Pioneer Seniors Apply To College Amidst a Pandemic

Two years ago 93% of Pioneer seniors said that they would be attending college. For them, the process was clear and well-trod. They were able to talk to counselors, visit colleges in person, take a few standardized tests, and continue all of their activities through senior year. For the class of 2021, though, the path to college has been anything but certain and predictable.

One of the largest obstacles for the class of 2021 has been the circulation of information.  “I constantly feel out of the loop,” said Pioneer senior Brayden Bunce.  “At times I have even felt clueless about the whole process. I have gotten most of my information from my friends.” 

Another senior, Mariah Muraski, agrees. “Figuring out how to apply by myself has been isolating and sometimes I feel like I’m not old enough to handle all of this,” she said.

Bunce, Muraski, and Career Center Counselor Keith Wade consider the lack of information to be the biggest problem facing Pioneer seniors. “Not being able to have office visits not only from admissions counselors but from students day to day who can pop in and ask the questions they need to or get information on schools (is the biggest problem),” said Wade, who, among other college-related tasks, organizes the college visits to Pioneer that typically take place throughout the fall.

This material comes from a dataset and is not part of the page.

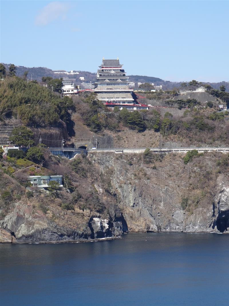 熱海城の雄姿 断崖絶壁の上に聳え立ちなかなかカッコいいです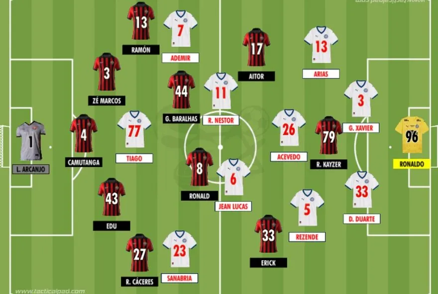 Thiago Carpini não teve o zagueiro Lucas Halter. Edu o substituiu no trio de zaga. Ramon voltou de suspensão na ala-esquerda e a base das últimas partidas foi mantida.

On the bright side, Pioneer counselors say they are in the process of making themselves more accessible. Wade also urges students to check out the College Career Center website as well as follow the center on Instagram for updates. “Everyone is trying to figure out this new virtual style of learning and the College Career Center (online) process is still a work in progress as well,” he said.

But the simple fact of school remaining online keeps a tangible barrier between seniors and the counselors, even when they do meet through Zoom. “Because of all of the uncertainty it is more important now than ever to listen to adults who know what they are talking about, but it is so much harder to pay attention in front of a computer screen,” said Muraski.

Many Pioneer seniors started to research college options long before school started but were denied the crucial information they would get from an in-person college visit. “I feel that it is somewhat unreasonable for a college to tell you that you are not allowed to visit and then still expect you to make an Early Decision (to attend that school),” said Robyn Bishop, a parent of Pioneer senior Rebecca Brewer.

This exact scenario played out for Bunce who said he changed his application plans after he learned he could not visit some colleges.  “I was hoping to apply to Johns Hopkins Early Decision, but I wasn’t confident enough in it because I could not visit,” he said.  “I had already created a list of schools before Covid, but that list may have expanded if I was able to go on college tours.”

Pioneer senior Alex McBurrows says that not being able to visit colleges has been his biggest challenge in the application process, too, because he is left unsure of whether he wants to go to school in-state or out of state. The pandemic has narrowed his list of schools. “I am only looking at schools closer to home or in nearby states because of Covid,” he said.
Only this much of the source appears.